◆ **Working data**
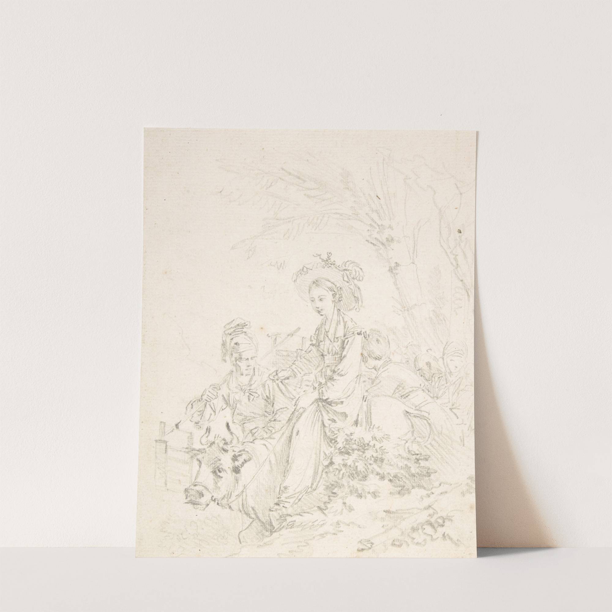 Peasant Girl Riding an Ox with Companions by François Boucher - Wall Art Print
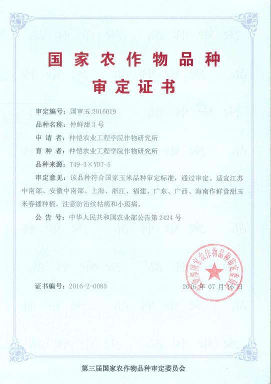 近日, 我校选育的“仲鲜甜3号”甜玉米通过国家审定,这是我校通过国家审定的第一个甜玉米新品种。据悉,该品种是由王晓明教授主持选育的高产、优质、超甜、多抗型甜玉米新品种,先后于2013年通过云南省品种审定,2014年通过广东省品种审定;而且该品种于2013年被评选为全国十佳甜玉米品种,2014年第十届全国鲜食玉米暨速冻果蔬产业大会被推选为甜玉米市场畅销品种。这一成果是我校甜玉米育种取得的又一个新突破。
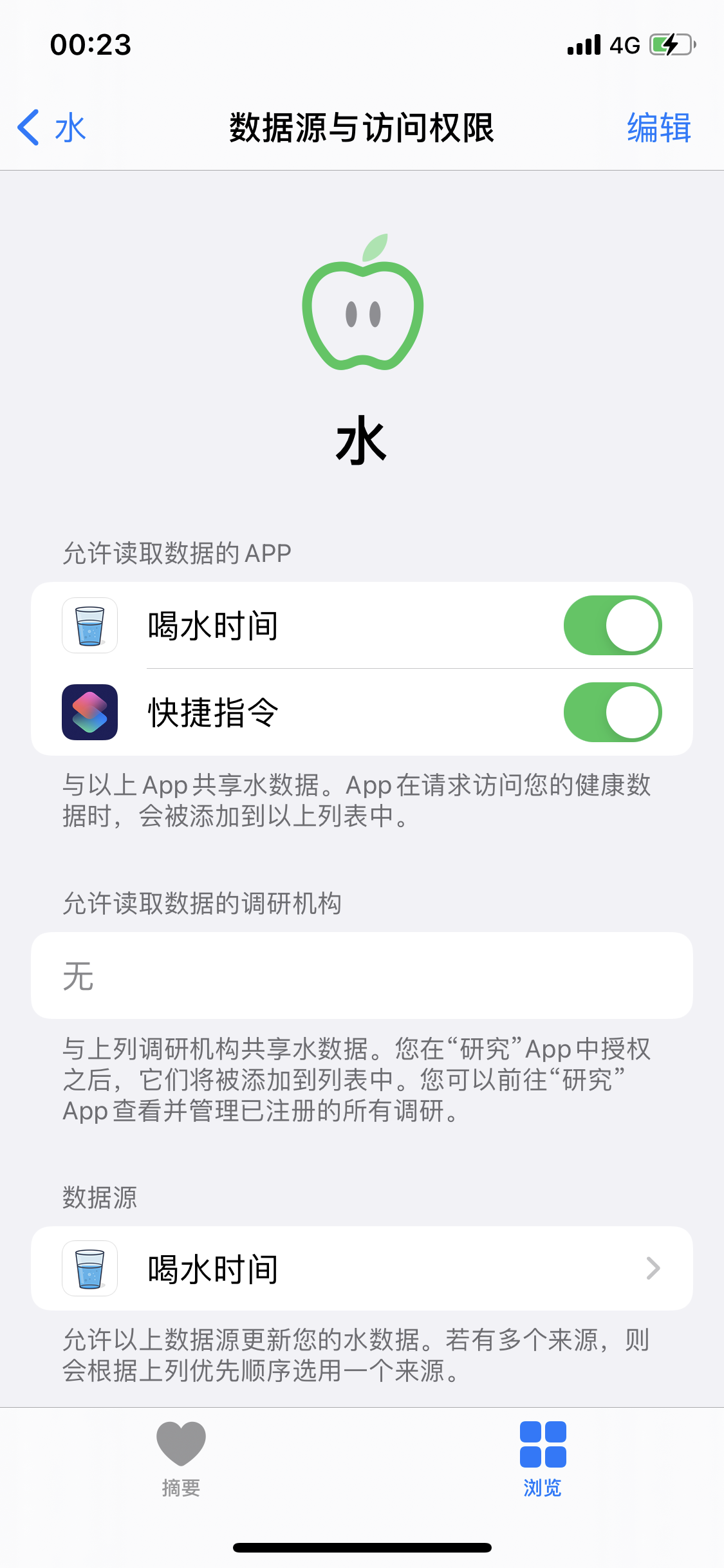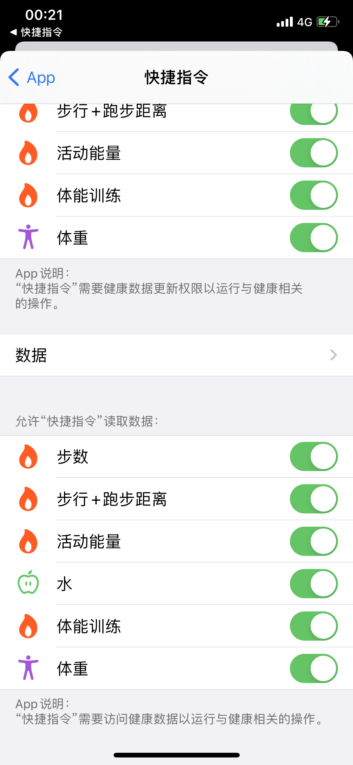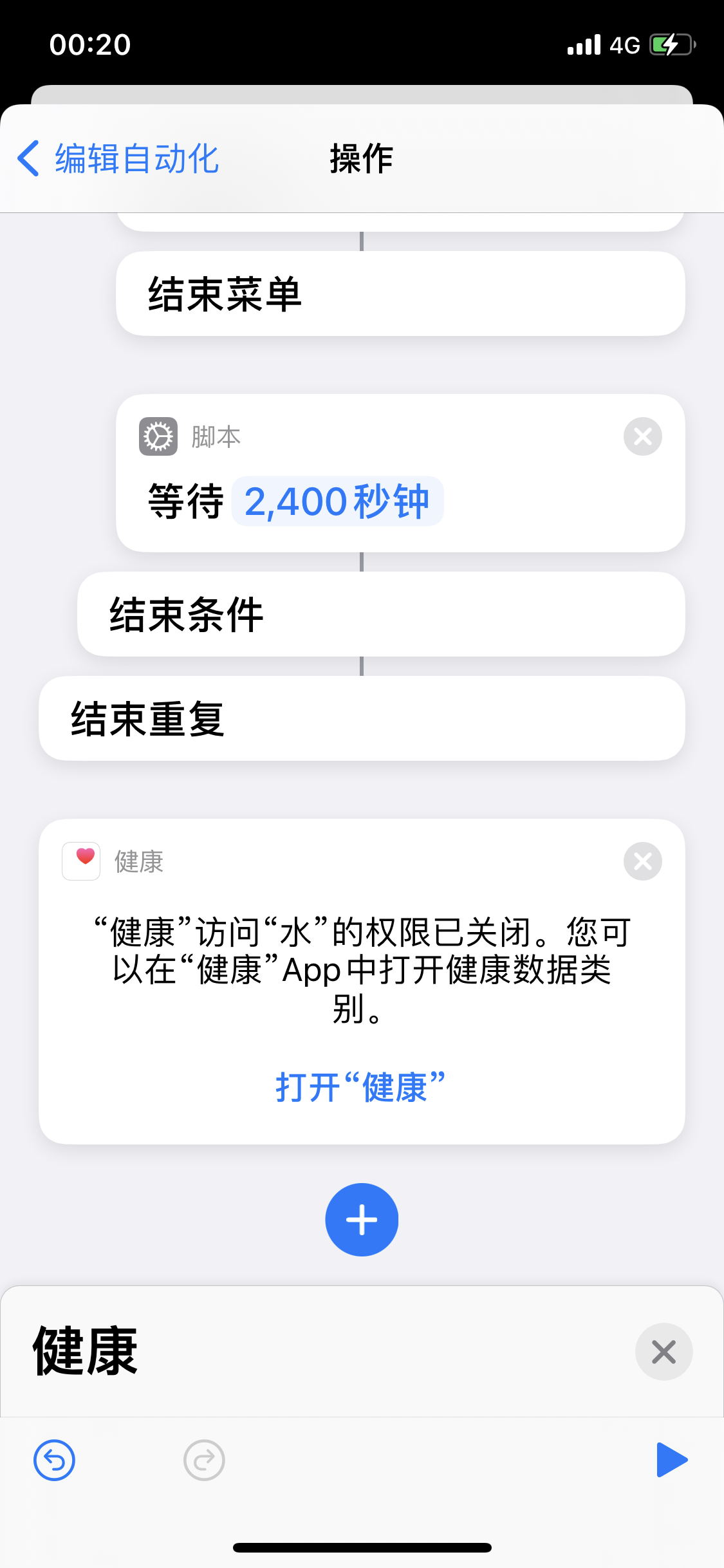 问题:快捷指令记录健康的饮水量,提示“健康”访问“水”的权限已关闭,但在健康中已打开了相应的权限,相关的截图见附件。
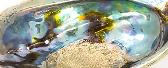 đȘ Type/ Nom : L'Abalone (coquille d'ormeau) arc-en-ciel, ou Haliotis Iris, a de belles couleurs, principalement bleues et vertes et cette variante de la nacre est appelĂ©e paua par les Maoris, la population d'origine de la Nouvelle-ZĂ©lande.
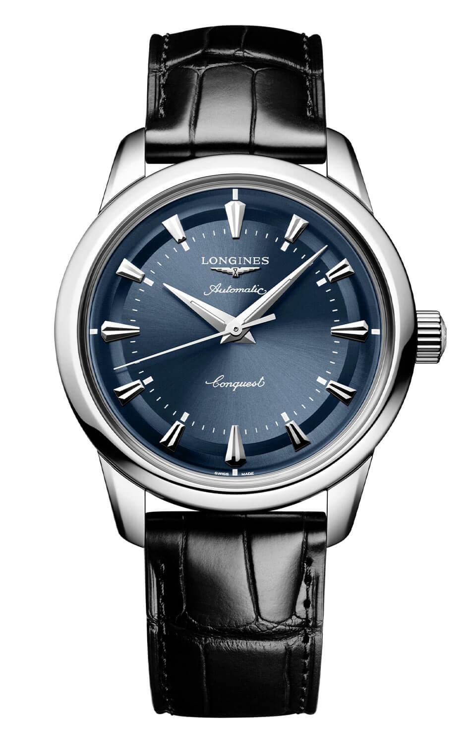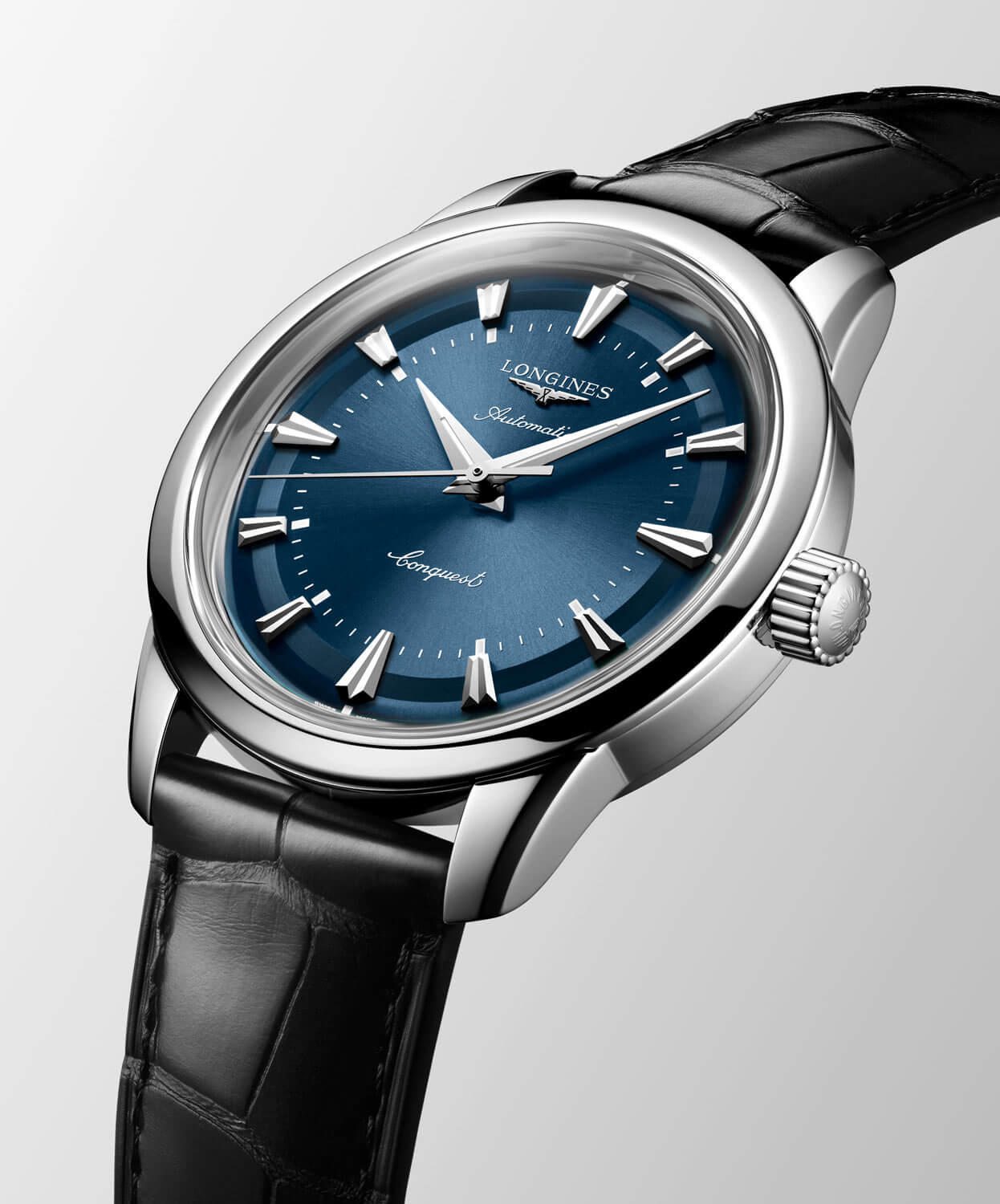 Modrý ciferník s efektem sunburst vyzařuje klid a distingvovanost. Pozlacené ručky typu dauphine a aplikované indexy ve tvaru kuželů jsou pokryty růžově zlatou vrstvou a vytvářejí ušlechtilý kontrast s podkladem. Charakteristické logo okřídlených přesýpacích hodin a jemné rozmístění prvků věrně odkazují na archivní návrhy značky. Pod povrchem ciferníku pracuje strojek Longines L888 – švýcarský automatický kalibr se 72hodinovou rezervou chodu a antimagnetickou vlásenkovou pružinou, která zajišťuje stabilitu chodu v běžném provozu. Longines Automatic L1.649.4.92.2 na koženém řemínku je víc než jen hodinky – je to konzistentní příběh o tradici, stylu a spolehlivé přesnosti.
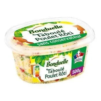 Sémoule de WHEAT dur réhydratée (57%), filet de poulet rôti cuit et séché (8%)(filet de poulet (84%), eau, fécule de manioc, dextrose de WHEAT, sel), poivrons (8%), huile de colza, maïs (5%), tomates (5%), pois (4%), vinaigre d'alcool, ciboulette, sel, arômes naturels, sucre, épices (0,2%). Fabriqué dans un atelier utilisant également : lait, œuf, céleri, moutarde, poisson, crustacés, soja, noix.
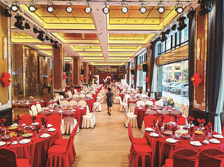 “這些宴會廳經(jīng)過精心打造,整體環(huán)境舒適、優(yōu)雅,而且配備了專業(yè)的設(shè)備設(shè)施,比如配有LED屏、可供演出的舞臺等,可以為婚慶宴席、公司聚餐、大型集會、中小型文藝演出、舞會等活動提供場所。”呂俐樺笑言,6個規(guī)格不一的宴會廳,可滿足各種大、小宴席需求。
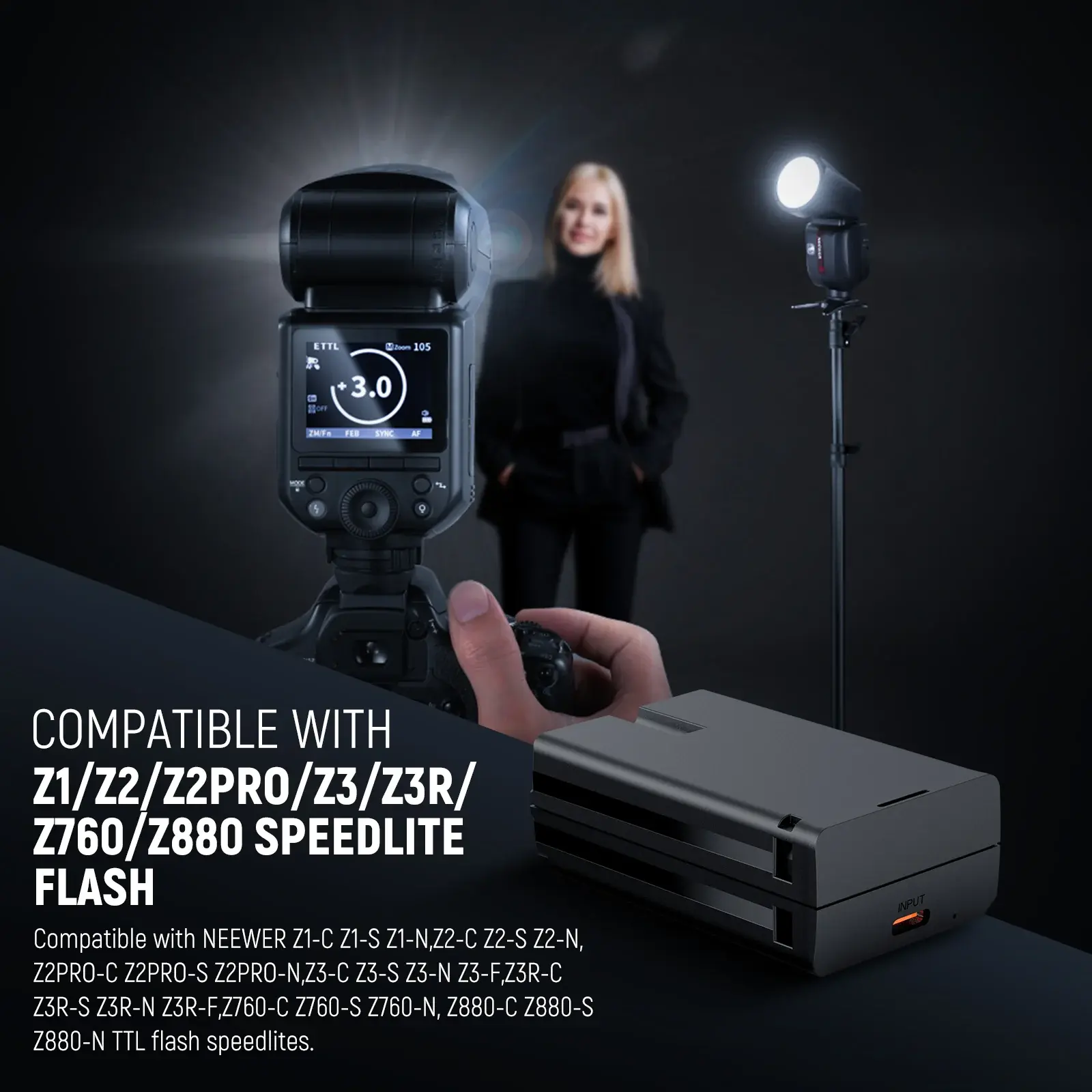 - Genişletilmiş Kapasite: 3000mAh (21.6Wh) kapasitesi ile tek şarjla 480'den fazla tam güçte flaş çakımı sağlar.
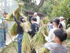 全部刈り終わった後の田んぼに稲架を作り、児童達も一緒にはせ掛け、ネットをかけて終了。
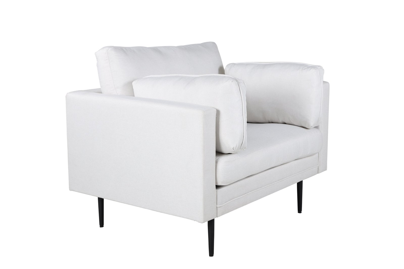 Kas yra svajonių baldas, jei ne šis stilingas ir modernus fotelis su elegantiškais baltais apmušalais? Mūsų patogus Boom Inger kolekcijos fotelis sušildys ir trauks į namus, bei kvies praleisti čia kuo daugiau laiko. Dizainas yra nesenstantis - griežtos šiaurietiškos formos ir siauros metalinės juodos spalvos kojos, praktiškas aukštis. Dėl laikui nepavaldaus dizaino jį lengva derinti prie bet kokio dekoro ir jis taps prabangiu akį traukiančiu akcentu jūsų namuose!
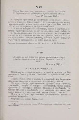 Объявление об открытии курсов грамотности культурно-просветительным отделом Воронежского Совета. 22 марта 1918 г. // Партархив Воронежского обкома КПСС, ф. 5, оп. 1, д. 171, л. 3. Типографский экз.

◆ **What is expected**
The answer must consist only of the lines from the beginning of the entries above through the line that holds "- Genişletilmiş Kapasite: 3000mAh", reproduced exactly and without pictures.

◆ **Task response**
 Peasant Girl Riding an Ox with Companions by François Boucher - Wall Art Print
 近日, 我校选育的“仲鲜甜3号”甜玉米通过国家审定,这是我校通过国家审定的第一个甜玉米新品种。据悉,该品种是由王晓明教授主持选育的高产、优质、超甜、多抗型甜玉米新品种,先后于2013年通过云南省品种审定,2014年通过广东省品种审定;而且该品种于2013年被评选为全国十佳甜玉米品种,2014年第十届全国鲜食玉米暨速冻果蔬产业大会被推选为甜玉米市场畅销品种。这一成果是我校甜玉米育种取得的又一个新突破。
 问题:快捷指令记录健康的饮水量,提示“健康”访问“水”的权限已关闭,但在健康中已打开了相应的权限,相关的截图见附件。
 đȘ Type/ Nom : L'Abalone (coquille d'ormeau) arc-en-ciel, ou Haliotis Iris, a de belles couleurs, principalement bleues et vertes et cette variante de la nacre est appelĂ©e paua par les Maoris, la population d'origine de la Nouvelle-ZĂ©lande.
 Modrý ciferník s efektem sunburst vyzařuje klid a distingvovanost. Pozlacené ručky typu dauphine a aplikované indexy ve tvaru kuželů jsou pokryty růžově zlatou vrstvou a vytvářejí ušlechtilý kontrast s podkladem. Charakteristické logo okřídlených přesýpacích hodin a jemné rozmístění prvků věrně odkazují na archivní návrhy značky. Pod povrchem ciferníku pracuje strojek Longines L888 – švýcarský automatický kalibr se 72hodinovou rezervou chodu a antimagnetickou vlásenkovou pružinou, která zajišťuje stabilitu chodu v běžném provozu. Longines Automatic L1.649.4.92.2 na koženém řemínku je víc než jen hodinky – je to konzistentní příběh o tradici, stylu a spolehlivé přesnosti.
 Sémoule de WHEAT dur réhydratée (57%), filet de poulet rôti cuit et séché (8%)(filet de poulet (84%), eau, fécule de manioc, dextrose de WHEAT, sel), poivrons (8%), huile de colza, maïs (5%), tomates (5%), pois (4%), vinaigre d'alcool, ciboulette, sel, arômes naturels, sucre, épices (0,2%). Fabriqué dans un atelier utilisant également : lait, œuf, céleri, moutarde, poisson, crustacés, soja, noix.
 “這些宴會廳經(jīng)過精心打造,整體環(huán)境舒適、優(yōu)雅,而且配備了專業(yè)的設(shè)備設(shè)施,比如配有LED屏、可供演出的舞臺等,可以為婚慶宴席、公司聚餐、大型集會、中小型文藝演出、舞會等活動提供場所。”呂俐樺笑言,6個規(guī)格不一的宴會廳,可滿足各種大、小宴席需求。
 - Genişletilmiş Kapasite: 3000mAh (21.6Wh) kapasitesi ile tek şarjla 480'den fazla tam güçte flaş çakımı sağlar.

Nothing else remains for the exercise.